The village Bakawan have also a shiv mandir constructed by Devi Ahilya Bai Holkar, at that time Bakawan was under the empire of Ahilya Bai Holkar. Also, she made Maheshwar as her capital.

== land use ==
The village has an agriculture-based land. Situated in the Narmada river valley, the village has access to a perennial water source and has a rich and fertile black soil. Common crops grown in the region: wheat, cotton, chilli (mirchi), soybean, peanuts, and sugarcane among others.

== Schools ==
The Government School is located in Navalpura region of Bakawan and has views of River Narmada and the Ghats. It has all the basic facilities with a large ground for playing. Also it supports with its building many functions such as election.

Pratibha Gyan Vidhya Mandir is a private school having both the mediums i.e. Hindi and English.

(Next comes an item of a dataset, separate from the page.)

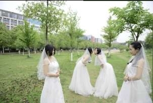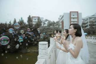 “我们都是参照网上的风格设计主题的。”小船(化名)是湖北科技学院教育学院美教班的应届毕业生,此前她和班上要好的三个女同学,在校园内拍摄了一组毕业纪念照。为了这组婚纱照,她们已经期待了很久。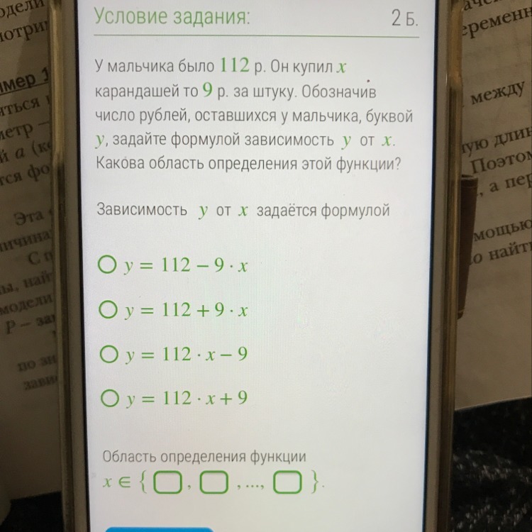 Так вот у, как число рублей, не может быть больше 112, так как изначально всего было 112 рублей, и не может быть меньше нуля, тогда мальчик уйдёт «в минус»

Chandra Shekhar Azad Public School, Bakawan is a private school which aims to provide quality education for all with benefit of low fee to parents.

==Tourism==
The village of Bakawan is known for making and exportation of Narmadeshwar Shivlings across the world. This is the only village in the world which succeeds in making of the Narmadeshwar Shivlings. The stones from which the Narmadeshwar Shivlings made are mainly found in the river Narmada. The village is also famous for the statue of Lord Balrama located in front of the Ram Mandir Bakawan (Rama Temple). There is a Gaushala (the place where the cows lives) named on the river Narmada Called Ma Narmada Gaushala Bakawan constructed in 1998 by Pt. Kamal Kishore Ji Nagar. The village is also known as Gaulok Dham Bakawan.

== Narmada Dam ==
Bakawan and many other villages in the region along the river Narmada will get submerged by the Maheshwar Hydroelectric Project. Resettlement is still under progress. The village came into focus in February 2000 when the "Bakawan Declaration" was signed to protest against the dam construction.